Dan had asked me yesterday to go to paddock #2 (where the
steers are) and see if the grass was too short and if it was to move the steers
to paddock #4. Now I don’t know what ‘too short’ means to Dan, or even to me.
So I decided to measure it and report back to Dan for the definitive answer.
I went down into the garage to don my poor, bedraggled
purple wellies. Constant farm use has taken its toll and my wellies are
cracked, split and no longer waterproof. But they are all I have. I put out a hand
to steady myself as I slip into the boot and touch a nice, big metal tape
measure. Aha, I thought. Just the thing. I can drop it to the ground to measure
and not have to hold my cloth tape in the wet, muddy grass.
So off I go. Through paddock #4 and into paddock #3. When
I approach paddock #2 even I can tell that the grass is pretty well cropped
down. But I measure just to make sure. It’s about 13 mm. So I set about opening
the gates through which to usher the steers.
But the gate between #4 and #3 won’t stay open. So I get
out my trusty old friend, the wee tape measure, and loop it loosely over the
gate and the fence to hold the gate open. Then off I trot to open the gate
between #2 and #3. Oh, did I remember to tell you that it has rained like crazy
for days. Well, it has. And the paddocks are potholed mud pools. My porous
wellies squelch through the mud and occasionally I have to bend down and pull
my foot and boot up through the mud which seems to have become infatuated with
my purple boots and wants them to stay.
I find the steers and try to urge them to come to the
nice fresh grass but no dice. I give up and retrace my steps back into paddock
#3. At this point 3 of the steers decide to join me and trot obediently into
#4. Another one stops dead in the gateway and begins eating. The last bellows mournfully
and again can’t figure out how to get through a gate.
I go back to help him but before I can get there, he
spies my tape measure. And starts eating it!! Visions of having killed my first
cow flash through my head. Then I begin postulating my explanations for the vet
and more importantly, for Dan. “Well, you see, it was this way.” Since I can’t
come up with a reasonable scenario, I take off after the steer who has
playfully clumped his way halfway down paddock #2.
I alternate between slipping in the mud, pulling my boots
out of the mud, and trying to get close enough to the steer to pull the tape
measure out of his mouth. Luckily for me, the metal disc is the end that is not in the mouth. I
get closer and closer. The steer looks up, sees me and scampers off again.

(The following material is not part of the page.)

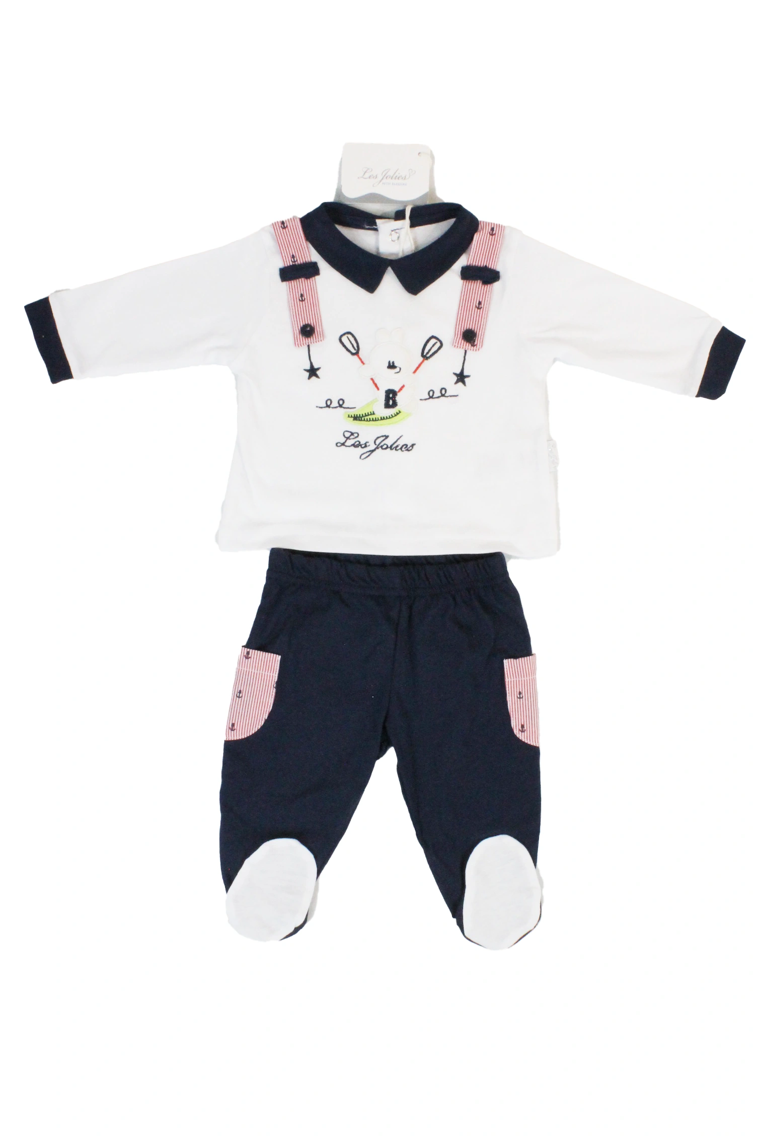 Tutina neonato due pezzi in puro cotone Les Jolies, ideale per i mesi estivi e per ambienti caldi.

Finally, he starts rubbing his head against the fence and the tape gets tangled
in the wire. He leaves and I grab the soggy remains of my long time companion.
But I’m not out of the woods yet. The steer in the
gateway decides to come see what all the fuss is about and has re-entered
paddock #2. Thankfully, the last steer wanders off in the right direction and
the explorer follows. I eventually manage to get all 5 into #4 and then retrace
my steps to shut all the gates.
Now all I have to do is traverse #4 to the gate to the
road, go back to the house, and clean all the mud off my clothes (I am pure mud
from knee to boot and beyond). Oops, not yet. The herd has decided to
congregate right in my path. I don’t care. I stomp up to them and they run up
the hill away from me. Fine by me! But then they follow me, and slipping in the
mud, scramble halfway down the hillside and come charging mere inches from me.
I figure I have had it and am just beginning to cover my
head and roll in a ball when, with Herculean strength, the steers dig deep into
the mud and propel themselves up the hill again. Believe it or not, they repeat
this process twice before I manage to escape. That will teach me to tick off
cows that outweigh me 10 to 1. Okay, 5 to 1.